When they first told me I’d need immediate surgery last week, they also told me it was a “simple” procedure and that I’d be “up and around” in a few days.
Well, it turns out that prognosis didn’t really take into account all the pain I was in previous to the surgery (which really does a number on a body), all the hugely high doses of pain meds they pumped me with (also not so great for the body), and didn’t consider painful complications after the surgery.
And I think their definition of “up and around” is different than how I originally heard it. I thought “up and around” meant going into work (a desk job, not too strenuous) but I guess they thought “up and around” meant walking the short distance from the couch to the kitchen and reaching into the fridge. Having 3 incisions where they cut through muscles and stuff, not to mention removing large objects, actually means I am sore as all hell. Like, really sore. I’m certainly not going to be trudging up Bascom Hill, or working out on the elliptical trainer anytime soon.

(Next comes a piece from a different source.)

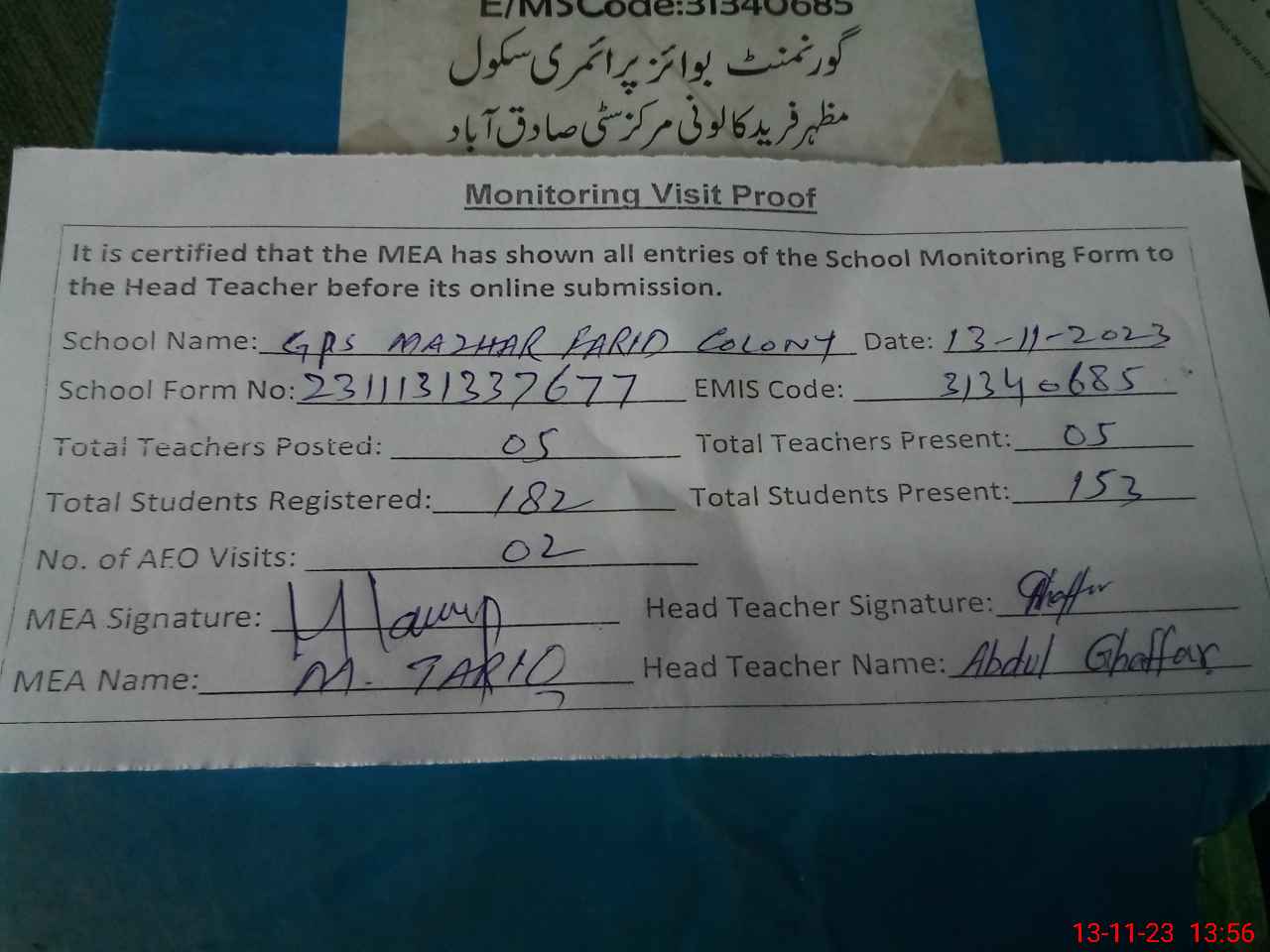 | EMIS Code: 31340685 | Name of School: GPS MAZHAR FARID COLONY | |||

So despite the fact that in my mind I think I should be starting to do regular things (work, working on my dissertation etc.), I’m not able to and that drives me nuts. So my big goals for the day are to take a shower and maybe go to Trader Joe’s. And since the vicodin makes me feel so loopy, I can’t really do much academic work beyond responding to emails from interviewees. So I can do some of that. And since it is so nice out, I’ll have to sit outside for a while.
I’m not good at this “taking it easy” and I also think I shouldn’t even complain because people have much more serious surgeries and health problems every day. So now I am expecting to maybe go into school Thursday. Until then I’ll try not to get too bored.



I know i hate sitting still and doing nothing too, remember dad and mom saying if we were bored we must be boring people? hahaha anyways, take it easy and you can send me furniture ideas for the new apartment!